When customers return products, look to the source to find out why and put a stop to it.
December 10, 2008
In a recent study conducted by consulting and outsourcing firm Accenture, the product return rate for consumer electronics averaged between 11 and 12 percent during 2007. The cost to manage that returned merchandise reached $13.8 billion.
But 95 percent of the merchandise returned had nothing wrong with it. Looking at the possible reasons for these types of returns and how those causes can be remedied can help retailers avoid a dip in the bottom line.
Market-right features
Many times such returns are the result of a retailer carrying a product that doesn't have the features customers demand. They may still buy it, but the end result will typically be a return.
The best way to find out what the customers want is to ask them. Salespeople will also know well what customers are asking for that a store isn't carrying. Paying attention to the responses and acting on them will help minimize returned merchandise. Keeping tabs on the competition can also be useful.

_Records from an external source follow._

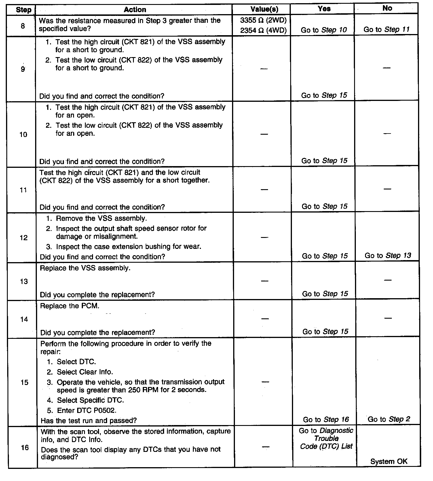 When the PCM detects a low vehicle speed when there is a high engine speed in a drive gear range, then DTC P0502 sets. DTC P0502 is a type B DTC.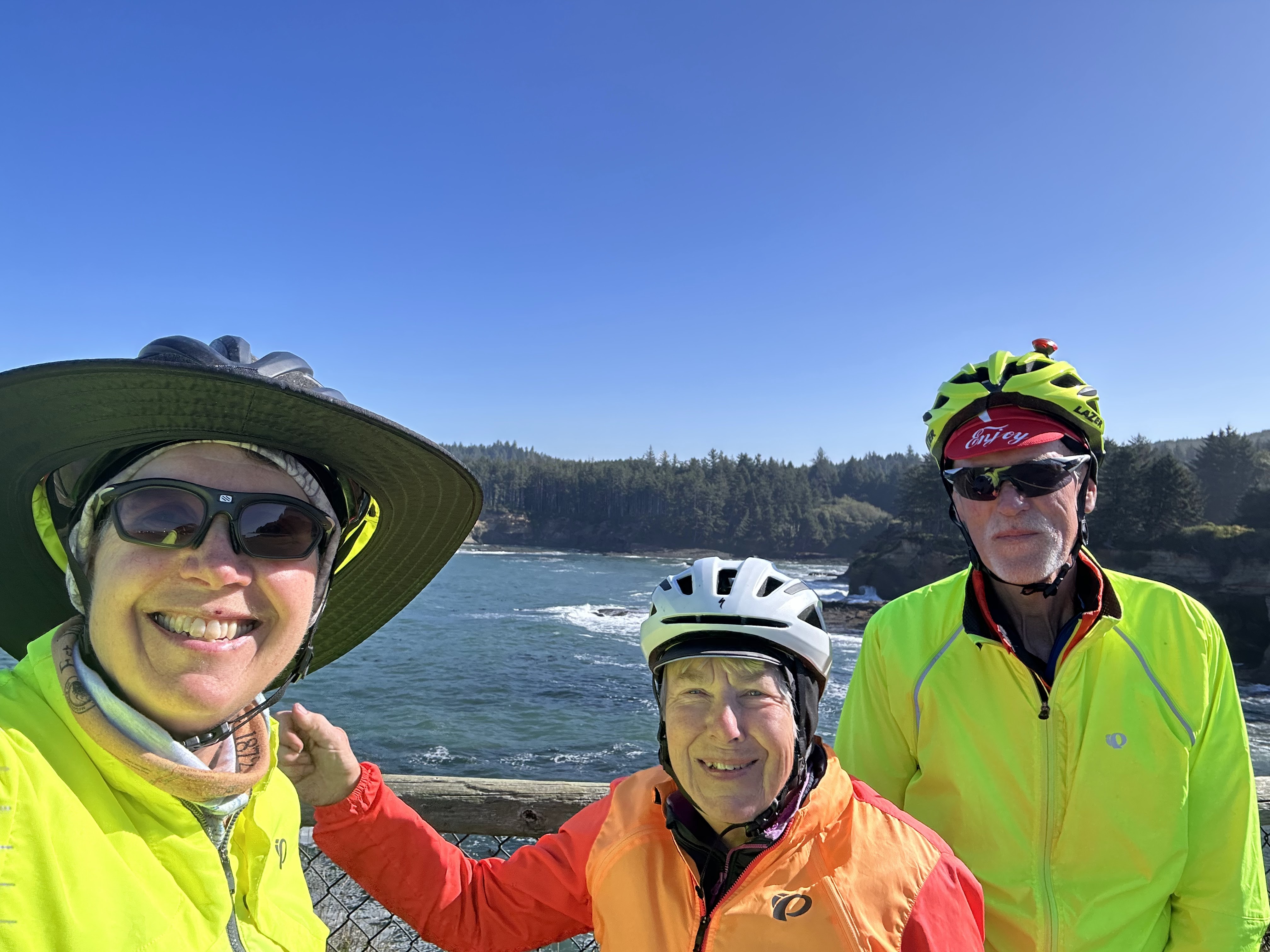 I recently completed my longest bike packing trip to date - 9 days, 250 miles from Olympia WA to Newport OR with Colleen and Matt from Olympia. (I know that many of you in TWBC have done longer trips, but I started later in life, and I'm pleased with this effort.) We started in Olympia and by time we were in Tumwater, we were in heavy rain which lasted for three days. When we crossed the Megler bridge to Astoria, the wind rain was blowing rain sideways. Beyond Astoria, it was mostly clear and sunny. Except for one night in a motel in Ilwaco to dry out and one stay in yurt because of wind and light rain, we camped in hiker-biker camp sites.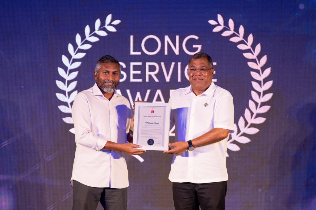 އެ ރަސްމިއްޔާތުގައި ބޭންކަށް 15، 20، 30 އަދި 40 އަހަރު ޚިދުމަތްކުރެއްވި މުވައްޒަފުންނަށް އެވޯޑު ހަވާލުކޮށްދެއްވީ ބީއެމްއެލްގެ ޗެއާޕަރސަން އަޙްމަދު ޢަލީ ޙަބީބްއާއި ބޯޑު މެންބަރުންނެވެ.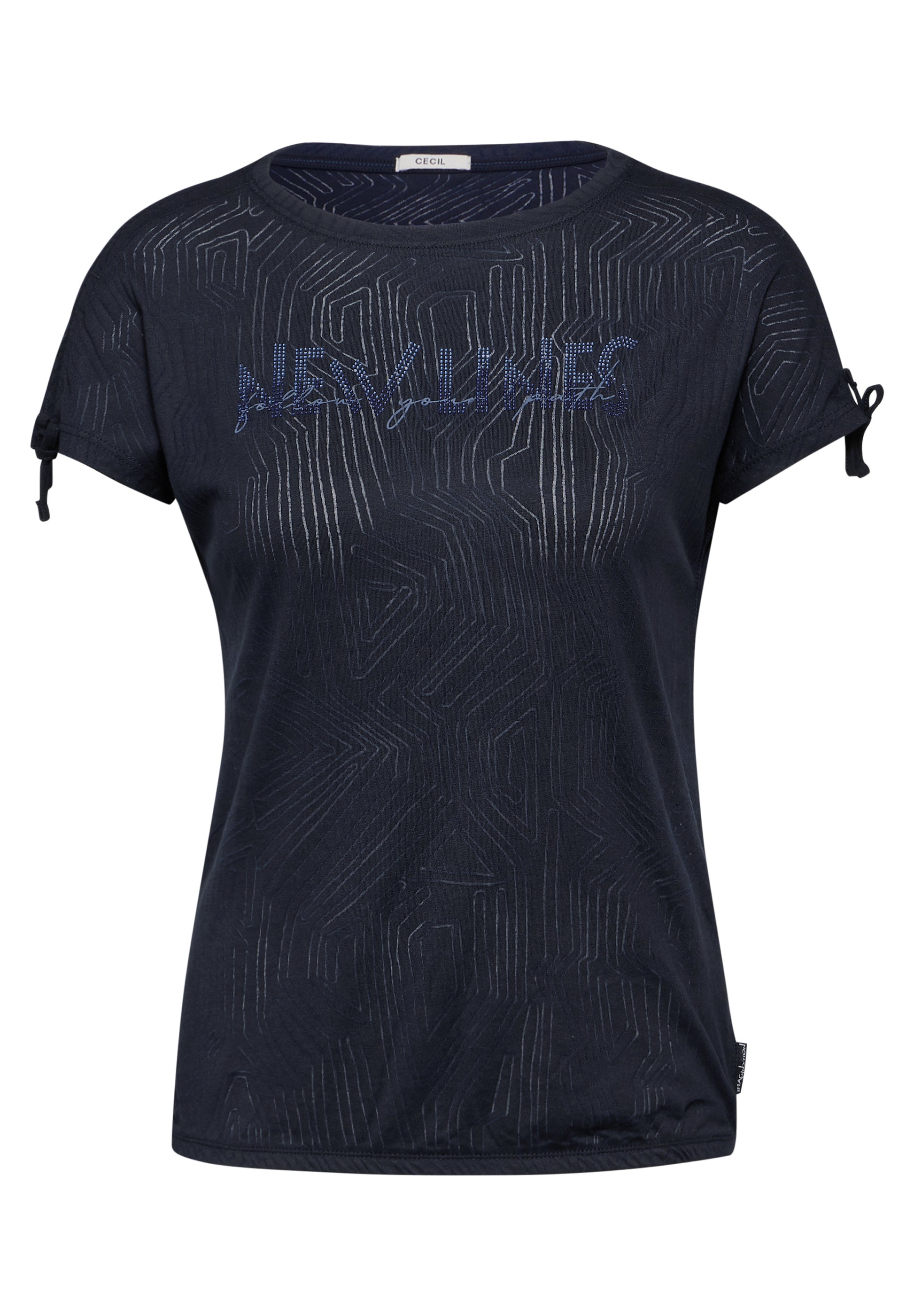 Das T-Shirt mit Burn-Out Muster von CECIL für Damen punktet mit seinem modischen Ausbrenner Muster. Das Sommershirt mit Wording verfügt über einen U-Boot-Ausschnitt und einen Gummibund. Geraffte Ärmel runden den Look ab. Sommershirt mit Wording U-Boot Ausschnitt Gummibund Geraffte Ärmel Ausbrenner Muster Material: 50% Baumwolle, 50% Polyester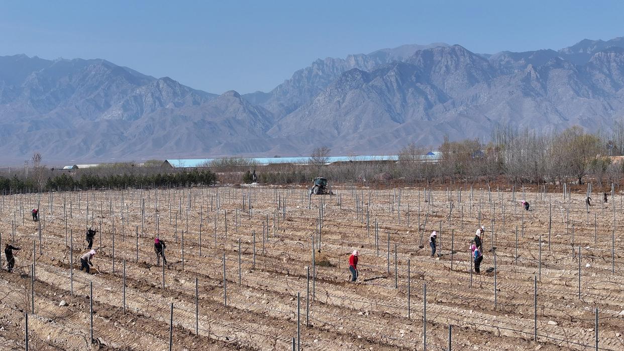 3月23日,工人在贺兰山东麓酿酒葡萄种植基地为葡萄展藤、培土(无人机照片)。新华社记者 王鹏 摄
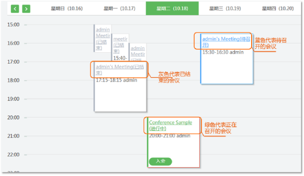 與會(huì)者登錄EMP后可以一目了然的看到自己預(yù)訂的會(huì)議和需要參加的會(huì)議信息,從而方便地安排自己的日程和時(shí)間。同時(shí)可以方便的通過(guò)時(shí)間軸會(huì)議信息欄上的入會(huì)按鈕加入會(huì)議。不同狀態(tài)的會(huì)議呈現(xiàn)不同的顏色,同時(shí)預(yù)訂人、召集人、普通與會(huì)者可以點(diǎn)擊會(huì)議主題,查看會(huì)議的詳細(xì)信息。會(huì)議信息欄顏色表示的會(huì)議狀態(tài)如圖所示。
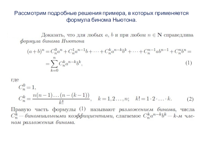 Слайд 3Рассмотрим подробные решения примера, в которых применяется формула бинома Ньютона.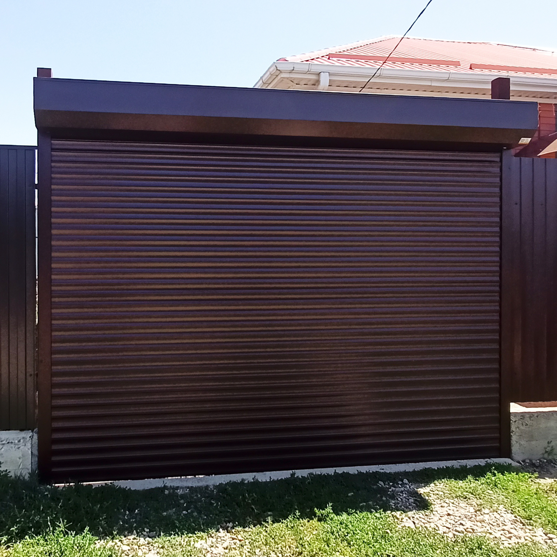 Мы не рекомендуем устанавливать ворота темного цвета на солнечной стороне. Это связано с тем, что поверхность темных оттенков нагревается быстрее, чем светлых. Из-за высокой разницы температуры внешней и внутренней стороны сэндвич-панелей полотно может начать выгибаться или ломаться.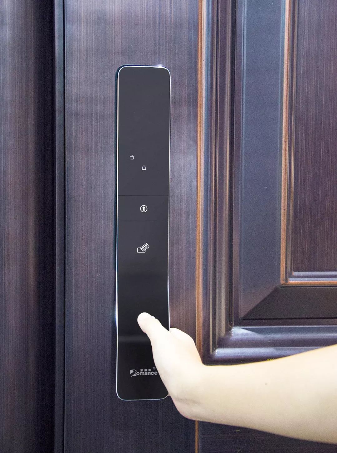 ? ? ? ?前鎖板(右)上分別有密碼識別區、門鈴按鍵、IC卡感應區、指紋感應區、logo。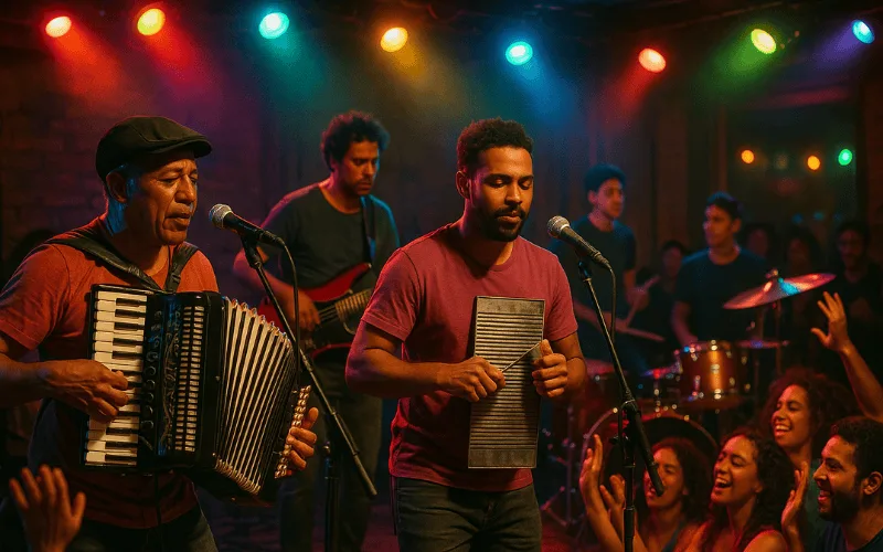 - Instrumentos-chave: o gaita de fole (acordeão diatônico) e o Ferrinho (barra de ferro raspada).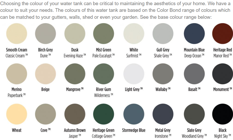 Beige , Birch Grey , Black , Heritage Green , Heritage Red , Merino , Mist Green , Monument , River Gum , Slate Grey , Smooth Cream , Storm Edge Blue , Wheat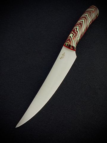 A striking carving knife with a funky multicoloured handle and a wrap around pattern. Razor sharp AEB-L stainless steel.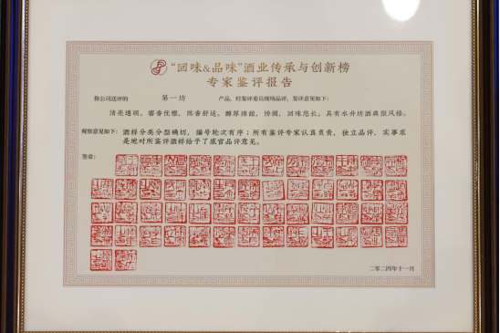 “清亮透明。窖香優雅,陳香舒適。醇厚綿甜,協調,回味悠長。具有水井坊酒典型風格?!薄盎匚?amp;品味”酒業傳承與創新榜專家鑒評報告也給予水井坊“第一坊”高度評價。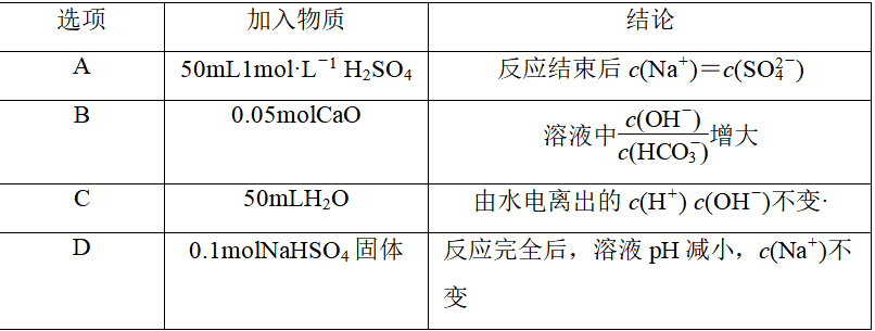 增大,正确;C项,加入50mLH2O,CO的水解平衡正向移动,但c(OH-)减小,溶液中的OH-全部来源于水的电离,由水电离出的H+、OH-浓度相等,故由水电离出的c(H+)·c(OH-)减小,错误;D项,加入的0.1molNaHSO4固体与0.05molNa2CO3恰好反应生成0.1molNa2SO4,溶液呈中性,故溶液pH减小,加入NaHSO4,引入Na+,所以c(Na+)增大,错误。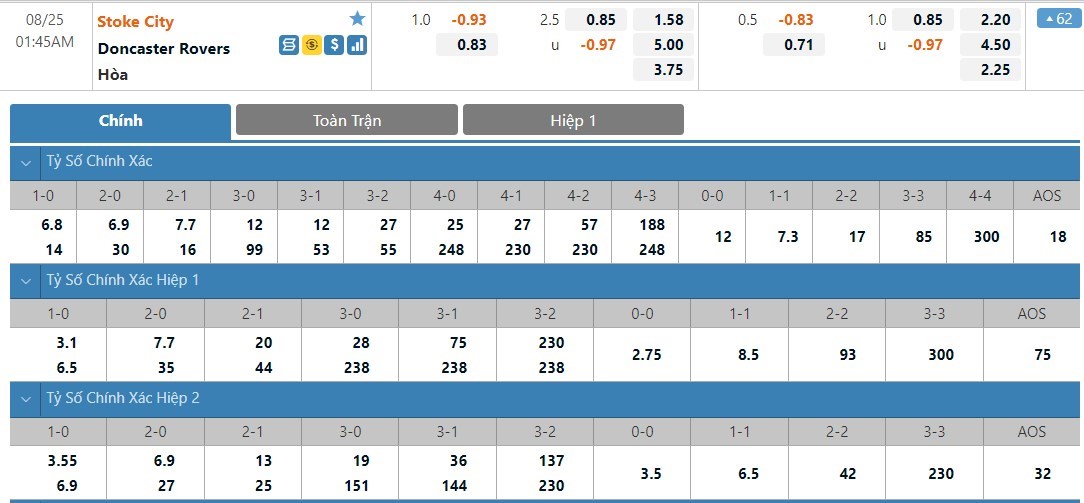 Tip kèo tỷ số hiệp 1: Stoke 2-0 Doncaster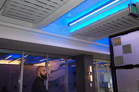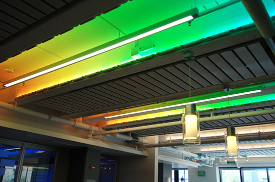 For cooling, the building uses chilled beams radiant chilled panels, displacement ventilation, and operable windows. The building had a primary cooling system for daily use, and for events a supplementary cooling system can be turned on. They also had some groovy colored LED accent lights that could turn the lobby from professional to party with the push of a button!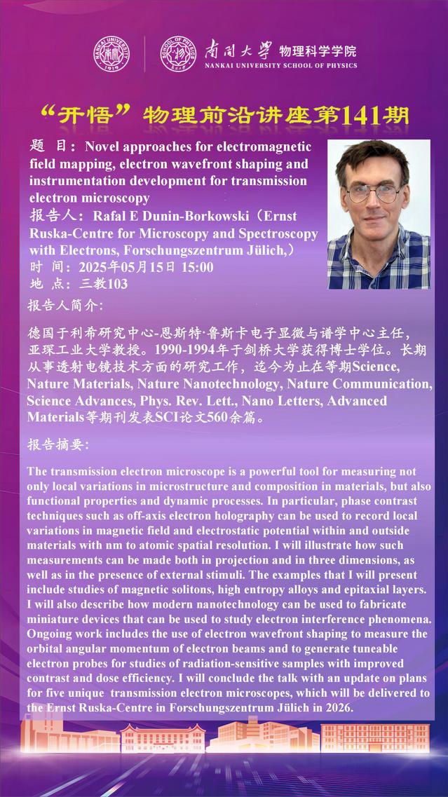 【“开悟”物理前沿讲座 (第141期)】Novel approaches for electromagnetic field mapping, electron wavefront shaping and instrumentation development for transmission electron microscopy
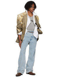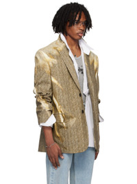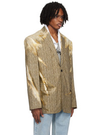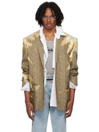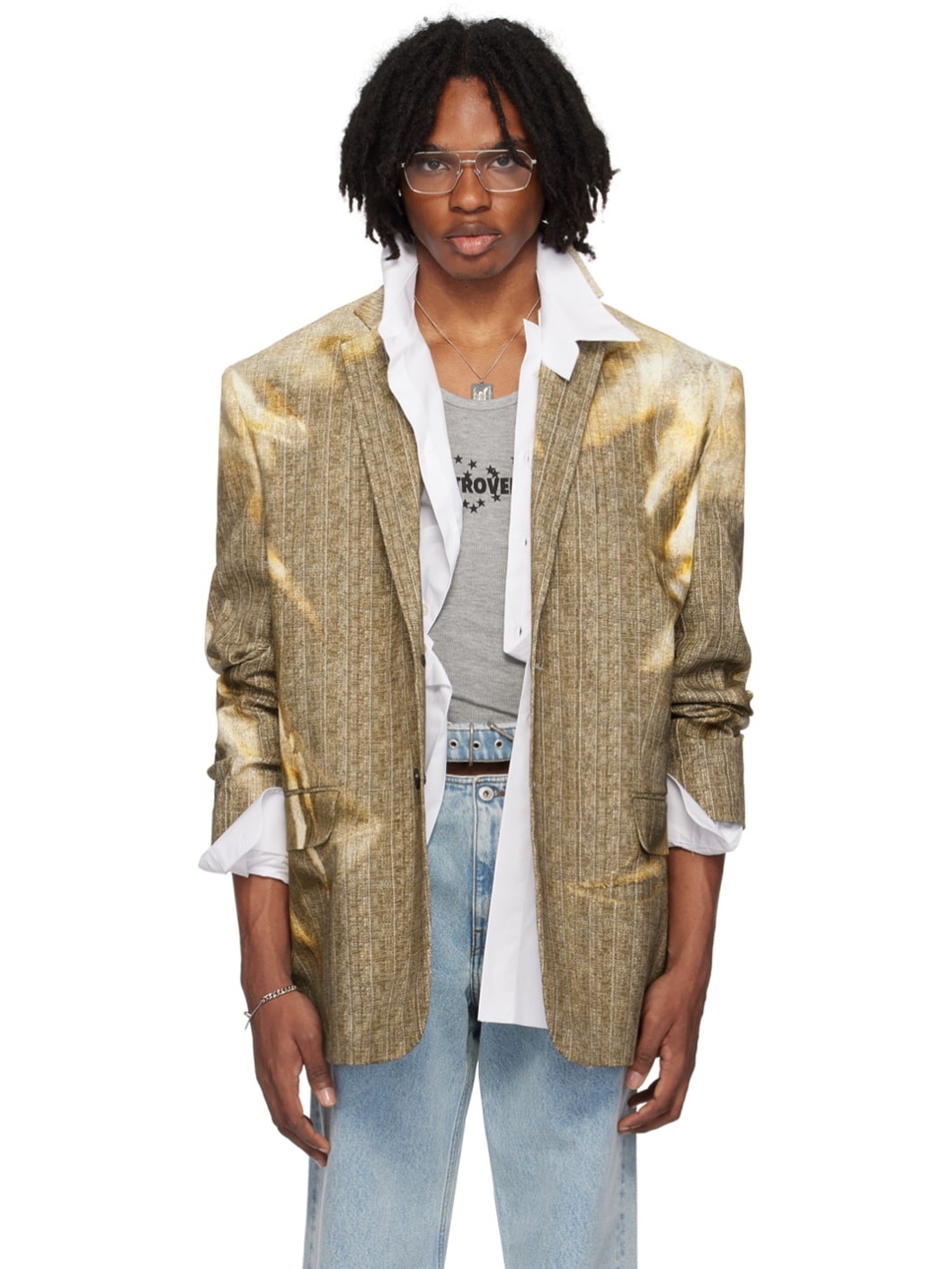 Sun-bleached stretch cotton twill blazer. Trompe l'œil pattern and stripes printed throughout. · Notched lapel · Button closure · Welt pocket and flap pockets · Padded shoulders · Four-button surgeon's cuffs · Welt pocket at interior · Full viscose twill lining Supplier color: Beige stripe

"Shop your competition frequently to see what their hot sellers are," suggests Tom Hebrock, vice president of retail services at Stuart and Associates in Brentwood, Tenn.
Items that fly off the shelf at one retailer but aren't even on the shelves at another are ones that should be added to the inventory.
Educate sales personnel
Retail employees have a tendency to sell products customers don't need or want because they don't know any better. Without the proper training and product education, sales associates don't know how to qualify their customers. Uneducated salespeople create a revolving door of products — ones that were contributing to sales numbers may soon be back on the shelves.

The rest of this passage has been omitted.